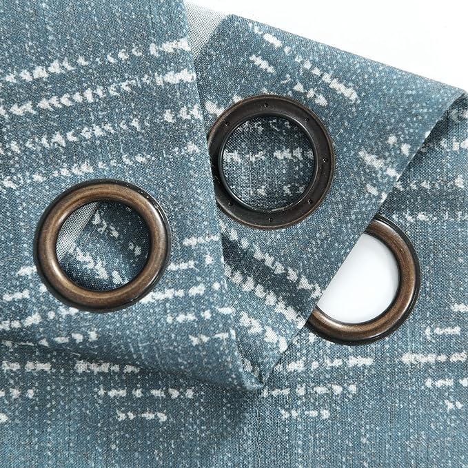 jinchan Boho Curtainsfor Living Room Blue Farmhouse Boho Curtains 84 Inches Long Geometric Striped Mudcloth Light Filtering Bedroom Window Grommet Curtains 2 Panels Blue on Beige
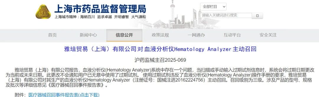今年3月份曾经发起过一次三级召回事件;原因是血液分析仪(Hematology Analyzer)系统中存在一个问题,当扫描或手动输入过期试剂信息时,系统会将过期日期更改为当前或未来日期。此更改不会通知用户已无意中使用了过期试剂。 使用过期试剂违反了血液分析仪(Hematology Analyzer)操作手册的要求,雅培贸易(上海)有限公司对其生产的血液分析仪Hematology Analyzer(注册证号:国械注进20162224756)主动召回。召回级别为三级。此次召回涉及产品在全球有231台,其中221台在中国。
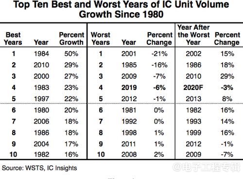 圖4:自1980年以來IC增長最好和最差的十年,來源WSTS、IC Insights
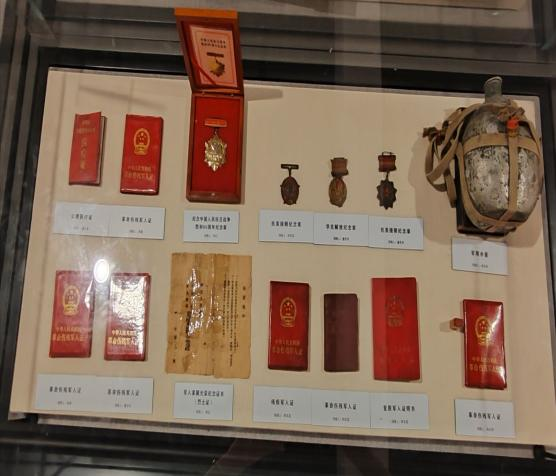 最后,展台上堤村众英雄捐赠的奖章、证书、军装、棉被等老物件深深触动了小队成员,透过这一个个“老古董”,仿佛看到了上个世纪革命先烈们的英姿。
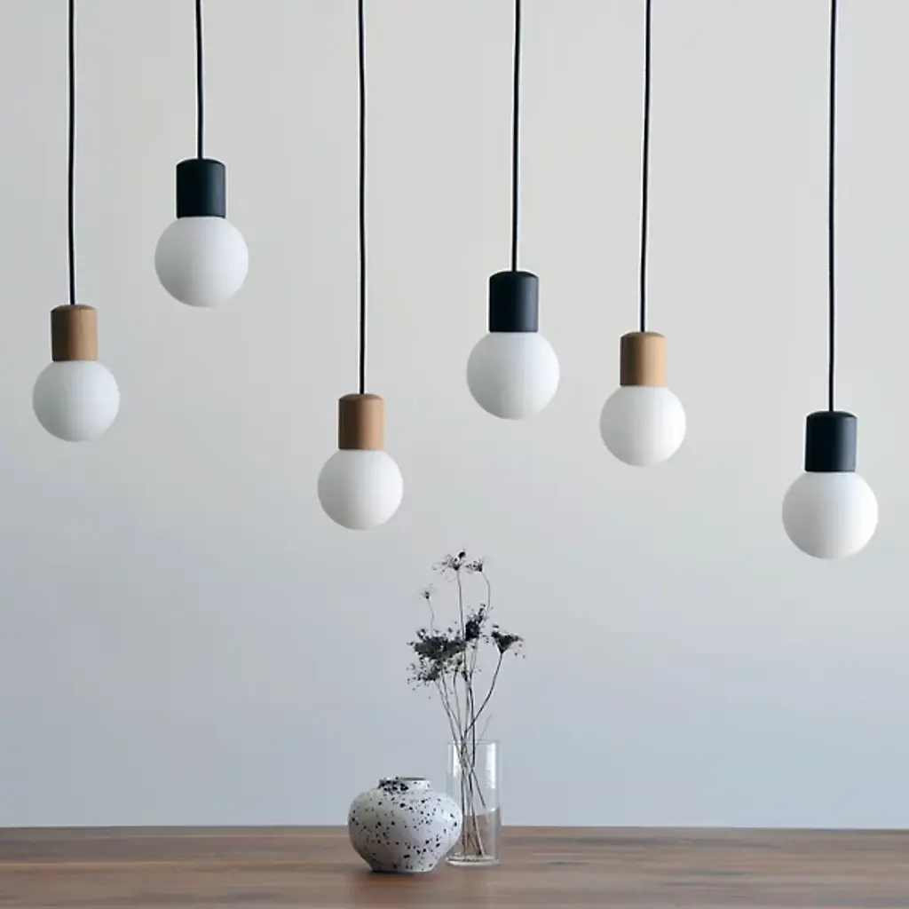 Wood, Glass and warmth combined to great effect. The Catkin Pendant by hollis+morris gives off a cozy vibe perfect for lighting up your room from above, both in terms of the light provides and the light, fun vibe it possesses. Its simple shades are made of Glass and crafted into sphere shapes, glowing warmly, ambiently and without glare through their Off White finished surfaces. The frames atop the shades are made of Wood and crafted into cylindrical shapes with a round top, adding whimsy and lightness to this understated piece.

Prompt: What you return must match the material above exactly, minus its pictures.

Expected answer:
 jinchan Boho Curtainsfor Living Room Blue Farmhouse Boho Curtains 84 Inches Long Geometric Striped Mudcloth Light Filtering Bedroom Window Grommet Curtains 2 Panels Blue on Beige
今年3月份曾经发起过一次三级召回事件;原因是血液分析仪(Hematology Analyzer)系统中存在一个问题,当扫描或手动输入过期试剂信息时,系统会将过期日期更改为当前或未来日期。此更改不会通知用户已无意中使用了过期试剂。 使用过期试剂违反了血液分析仪(Hematology Analyzer)操作手册的要求,雅培贸易(上海)有限公司对其生产的血液分析仪Hematology Analyzer(注册证号:国械注进20162224756)主动召回。召回级别为三级。此次召回涉及产品在全球有231台,其中221台在中国。
 圖4:自1980年以來IC增長最好和最差的十年,來源WSTS、IC Insights
 最后,展台上堤村众英雄捐赠的奖章、证书、军装、棉被等老物件深深触动了小队成员,透过这一个个“老古董”,仿佛看到了上个世纪革命先烈们的英姿。
 Wood, Glass and warmth combined to great effect. The Catkin Pendant by hollis+morris gives off a cozy vibe perfect for lighting up your room from above, both in terms of the light provides and the light, fun vibe it possesses. Its simple shades are made of Glass and crafted into sphere shapes, glowing warmly, ambiently and without glare through their Off White finished surfaces. The frames atop the shades are made of Wood and crafted into cylindrical shapes with a round top, adding whimsy and lightness to this understated piece.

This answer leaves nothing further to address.